_Dataset section_
▬▬▬▬▬▬

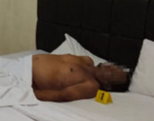 Jenazah korban saat ditemukan di kamar hotel Marina. |
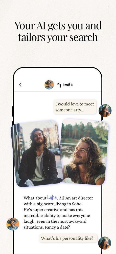 Download the app and start a conversation with your AI matchmaker. It asks about your lifestyle, values, what you're looking for, and what you're not — building a real picture of who you are beyond a photo grid. When the AI finds someone it thinks is a strong fit, it introduces you both. If you're both interested, Amata handles the logistics: it checks your availability and books a table at a curated restaurant. You show up, have the date, and then debrief with your AI afterward. Every piece of feedback sharpens future matches.
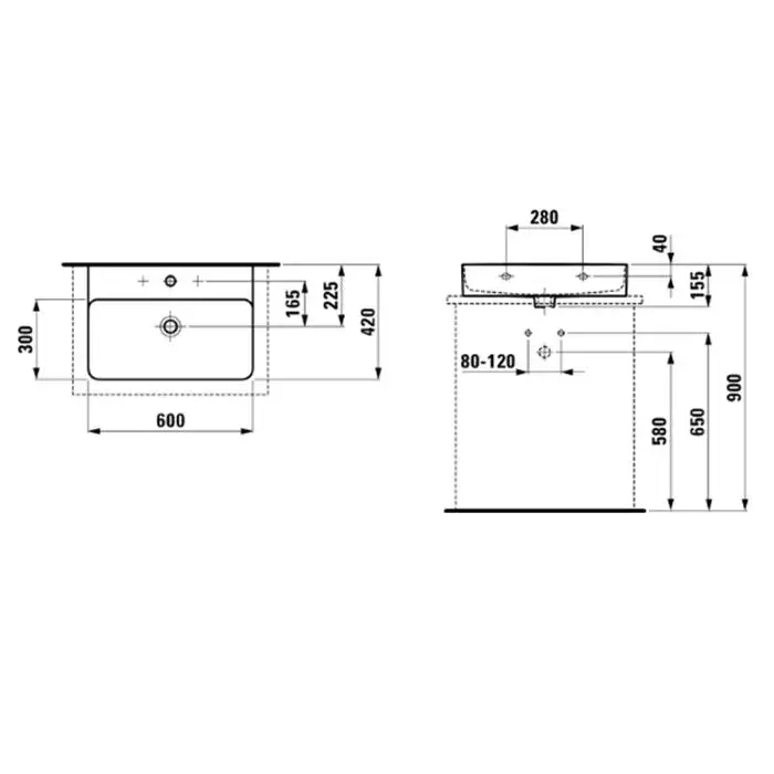 Laufen Val Раковина 60х42хh11,5 см, без отв., глазурь 2 стор, цвет белый 8.1628.3.000.109.1

▬▬▬▬▬▬

_Task_
Skip all pictures. Write out only the lines from the one containing "Download the app" to the end of the listing above, inclusive, exactly as given.

_Problem solution_
 Download the app and start a conversation with your AI matchmaker. It asks about your lifestyle, values, what you're looking for, and what you're not — building a real picture of who you are beyond a photo grid. When the AI finds someone it thinks is a strong fit, it introduces you both. If you're both interested, Amata handles the logistics: it checks your availability and books a table at a curated restaurant. You show up, have the date, and then debrief with your AI afterward. Every piece of feedback sharpens future matches.
 Laufen Val Раковина 60х42хh11,5 см, без отв., глазурь 2 стор, цвет белый 8.1628.3.000.109.1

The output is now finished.